A ciência ortodoxa vê a ma­téria como a realidade básica. A matéria está organizada por leis naturais em estados progressivamente complexos até que, final­mente ela está tão altamente or­ganizada que resulta na vida e na habilidade de crescer e de repro­duzir-se. Por outras leis naturais, a matéria viva é organizada em estados cada vez mais comple­xos, finalmente produzindo consciência pela qual ela torna-se cien­te do mundo em torno dela. Assim, desse ponto de vista, a vida é uma maneira pela qual a matéria atua quando chega a um certo estágio de complexidade, enquanto que a consciência não é mais do que um epifenômeno da matéria. Um dos fundamentos do universo, então, é a matéria; vida e consciência são subprodutos incidentais.

A visão teosófica é muito di­ferente. Ela sustenta que a reali­dade essencial é diferente de qual­quer coisa que nós conhecemos ou possamos conhecer. Ela não é, diz Helena Blavatsky, “ser’ abso­lutamente, mas, sim, “seidade” — a essência da realidade, um prin­cípio. Dela vem a dualidade de consciência e matéria, cada uma implicando na outra. A consciência existe somente na medida em que ela é refletida na matéria, e a ma­téria existe somente na medida em que ela é concebida pela consci­ência. Sem matéria para estar cônscia dela, a consciência não poderia existir; esta afirmação é muito aceitável para a ciência or­todoxa. A afirmação complementar, entretanto, é uma daquelas jane­las abrindo-se para um mundo en­cantado: sem consciência para estar cônscia dela, a matéria não poderia existir. Há muito tempo atrás, a ciência teria rejeitado tal afirmação como puro misticismo. Mas, à medida que os cientistas investigam profundamente no mundo subatômico, a matéria, como nós a pensamos, desapare­ce completamente, deixando em seu rastro partículas de energia ou, mais precisamente, probabilidades de energia cuja própria existência está misteriosamente envolvida com nossa consciência delas.
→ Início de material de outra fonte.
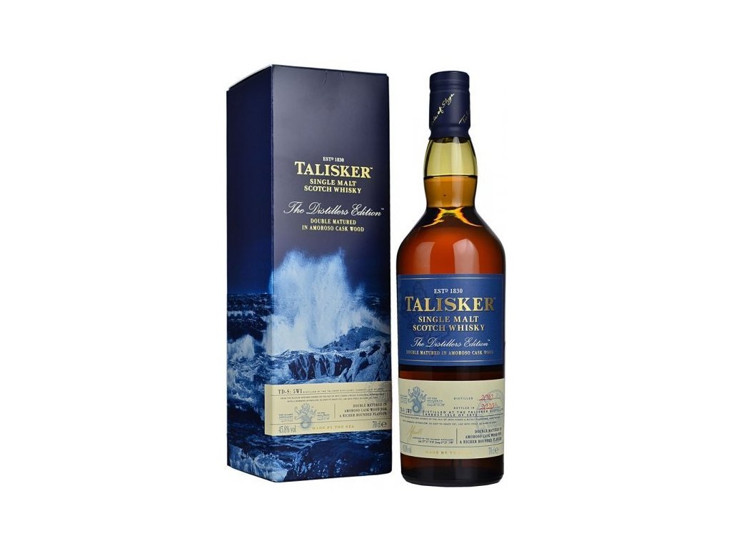 Talisker Distillers Edition ročník 2010. Dvojité dozrávání, s finišem v amoroso sudech (oslazené španělské víno). Výsledkem je sladký a kouřový Talisker.

Fri­tjof Capra é um daqueles novos fí­sicos que adotam esta visão apa­rentemente mística da matéria, por exemplo, em seu estimulante livro O Tao da Física. Nessa visão, consciência e matéria parecem ser na verdade funções uma da outra, da mesma forma que a Sabedoria Antiga sustenta.

E sobre a vida? A Teosofia a vê como o relacionamento ou inte­ração entre consciência e matéria. Quando a consciência submete-se à matéria e a matéria responde moldando-se a si mesma em for­mas conscientes, o resultado é vida. Nenhuma partícula do univer­so quer pequena ou isolada, exis­te sem matéria, consciência e vida — não completamente desenvolvi­da, talvez, mas em essência. Des­sa forma, dentro de todo ser mani­festado está a seidade una abso­luta; atrás do universo múltiplo e variado está a Realidade Una.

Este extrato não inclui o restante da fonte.